-- Given entries follows --

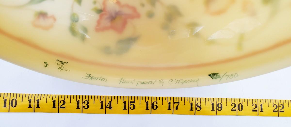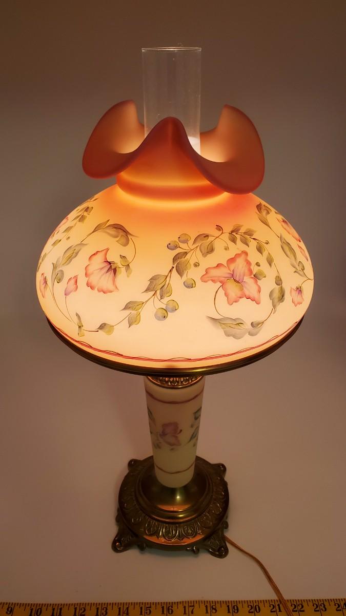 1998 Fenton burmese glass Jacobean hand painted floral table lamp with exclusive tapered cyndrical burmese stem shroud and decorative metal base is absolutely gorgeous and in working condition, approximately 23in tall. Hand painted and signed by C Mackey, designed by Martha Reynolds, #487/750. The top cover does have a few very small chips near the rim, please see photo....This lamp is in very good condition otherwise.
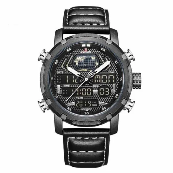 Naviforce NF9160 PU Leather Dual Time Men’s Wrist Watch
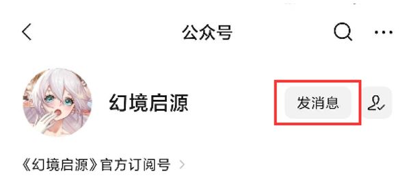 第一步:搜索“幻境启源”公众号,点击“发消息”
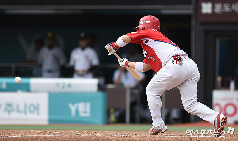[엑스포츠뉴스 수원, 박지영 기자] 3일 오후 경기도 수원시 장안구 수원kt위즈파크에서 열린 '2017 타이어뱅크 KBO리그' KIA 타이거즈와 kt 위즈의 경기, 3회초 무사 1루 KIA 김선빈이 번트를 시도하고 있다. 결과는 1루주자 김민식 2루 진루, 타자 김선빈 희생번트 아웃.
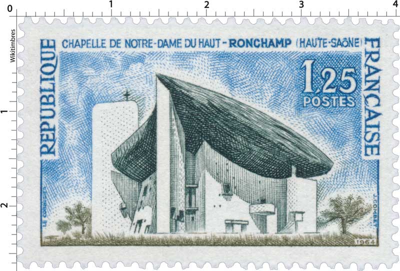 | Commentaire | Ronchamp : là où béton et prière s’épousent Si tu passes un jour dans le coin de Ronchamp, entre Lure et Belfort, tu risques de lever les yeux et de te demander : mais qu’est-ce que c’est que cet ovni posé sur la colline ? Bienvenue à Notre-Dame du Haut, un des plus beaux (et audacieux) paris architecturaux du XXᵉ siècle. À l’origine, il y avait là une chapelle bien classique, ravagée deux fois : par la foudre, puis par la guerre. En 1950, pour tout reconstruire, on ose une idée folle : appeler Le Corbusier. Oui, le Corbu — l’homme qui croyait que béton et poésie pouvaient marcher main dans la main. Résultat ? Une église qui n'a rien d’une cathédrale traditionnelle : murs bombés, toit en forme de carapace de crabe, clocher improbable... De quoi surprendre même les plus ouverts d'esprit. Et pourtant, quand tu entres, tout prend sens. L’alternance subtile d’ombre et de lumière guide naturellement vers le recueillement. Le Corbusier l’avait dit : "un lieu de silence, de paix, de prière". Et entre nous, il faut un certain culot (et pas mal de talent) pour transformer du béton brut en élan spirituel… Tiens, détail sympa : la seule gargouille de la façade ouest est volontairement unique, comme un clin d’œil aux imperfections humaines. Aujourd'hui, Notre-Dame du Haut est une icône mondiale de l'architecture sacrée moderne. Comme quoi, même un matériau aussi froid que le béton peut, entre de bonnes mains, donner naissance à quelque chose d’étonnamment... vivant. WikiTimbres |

-- Given entries concluded --
-- Given entries follows --

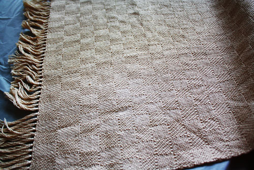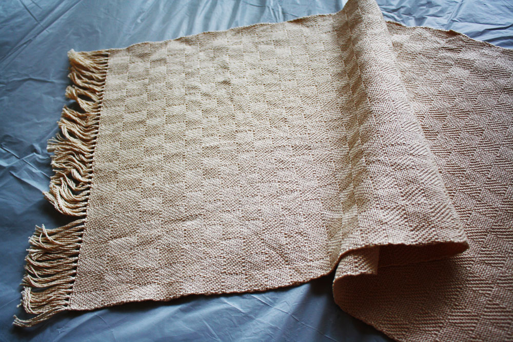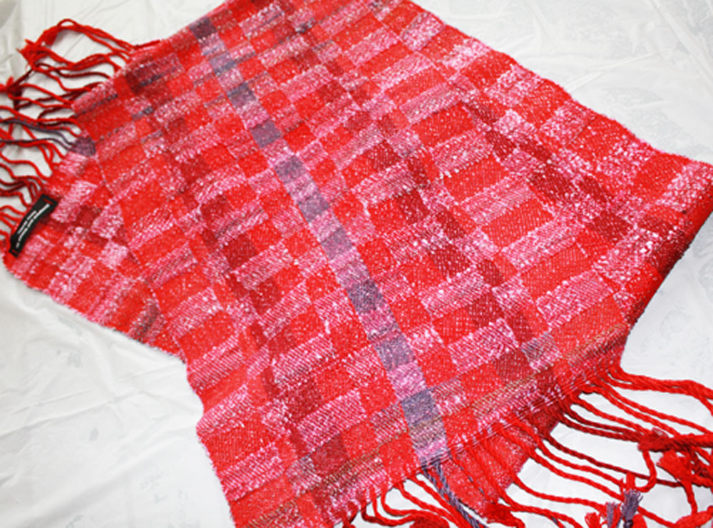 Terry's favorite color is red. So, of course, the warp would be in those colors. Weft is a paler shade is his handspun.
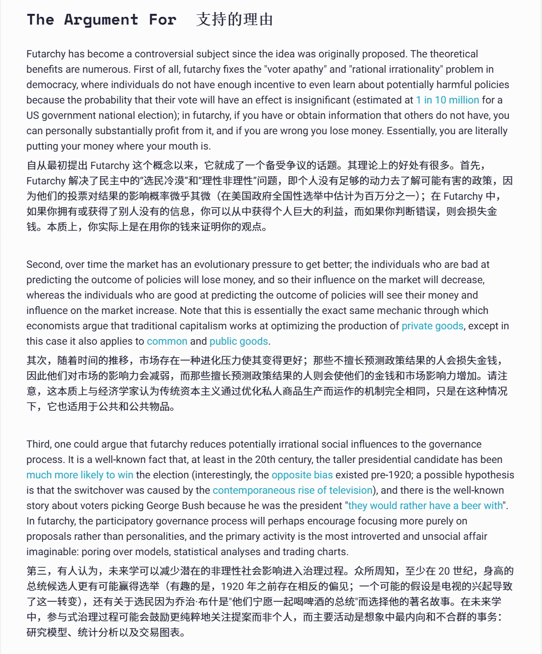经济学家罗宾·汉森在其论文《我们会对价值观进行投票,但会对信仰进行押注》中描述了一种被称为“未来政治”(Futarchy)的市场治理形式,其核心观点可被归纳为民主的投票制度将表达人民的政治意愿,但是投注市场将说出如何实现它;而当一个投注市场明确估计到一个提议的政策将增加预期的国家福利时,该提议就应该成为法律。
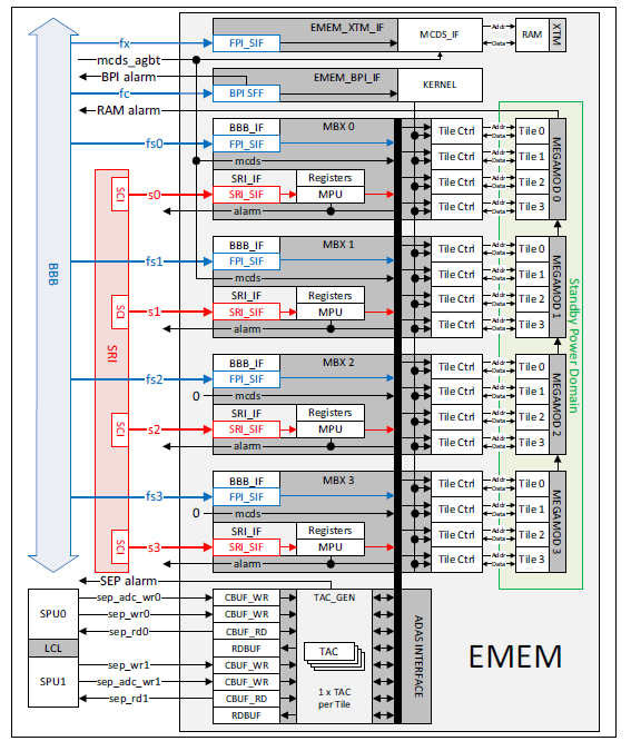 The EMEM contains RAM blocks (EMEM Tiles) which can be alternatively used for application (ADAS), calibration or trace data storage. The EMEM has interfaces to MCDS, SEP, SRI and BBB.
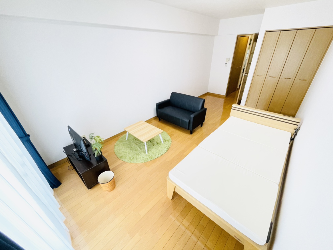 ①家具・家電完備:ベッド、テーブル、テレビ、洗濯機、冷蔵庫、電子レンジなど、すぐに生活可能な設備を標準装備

-- Given entries concluded --

- _Task to complete_
Return the stretch of data that begins with the line showing "Terry's favorite color" and goes on through the line showing "经济学家罗宾·汉森在其论文《", exactly, with pictures removed.

- _Solved exercise_
 Terry's favorite color is red. So, of course, the warp would be in those colors. Weft is a paler shade is his handspun.
经济学家罗宾·汉森在其论文《我们会对价值观进行投票,但会对信仰进行押注》中描述了一种被称为“未来政治”(Futarchy)的市场治理形式,其核心观点可被归纳为民主的投票制度将表达人民的政治意愿,但是投注市场将说出如何实现它;而当一个投注市场明确估计到一个提议的政策将增加预期的国家福利时,该提议就应该成为法律。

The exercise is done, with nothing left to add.